Most studies reporting on infant crying rely on parent-report diaries [crying_holding_diary] or trained observers to record or live-annotate infant crying for short periods of time [infantCryingStability]. These methods have provided critical descriptive data on crying; however, they are subject to a number of limitations. First, parents report up to 4 - 5 times as much crying compared to observer-annotated tape recordings [overreportCrying_Barr], [overreportCrying_James-Roberts]. Second, observer annotations of infant crying are often conducted under laboratory conditions, which may not reflect the true home environment [10.1145/2638728.2641306], [garcia2017speaker]
. Third, human annotations are time-consuming, making objective large-scale longitudinal studies of infant crying infeasible[de2019automated]. In order to understand the dynamic between infant crying and caregiver mental health, and before we can begin to develop applications that could provide “just-in-time” support to caregivers in the home, we need automated cry-detection algorithms that perform robustly in naturalistic settings [de2019automated].

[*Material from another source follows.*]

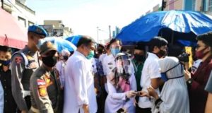 Didampingi Walikota Metro, Wagub Lampung Bagikan Masker Untuk Pedagang Pasar Metro

Classification of infant vocalizations in laboratory settings has proven successful [interspeech2018]. However, audio detection in real-world settings remains largely elusive. Generally, auditory behavior detection models are developed with small convenience samples in clean laboratory settings [10.1145/2638728.2641306], [garcia2017speaker] where extraneous sounds are minimized. By contrast, real-world environments, such as family households, typically include a variety of complex sounds that must be distinguished from behaviors of interest, including sounds from other humans, pets, music, appliances, outdoor sounds, etc. These additional sounds greatly increase the difficulty of detection and classification problems; additionally, if such sounds are not present in the training data, performance will deteriorate in real-world conditions [alameda2019multimodal].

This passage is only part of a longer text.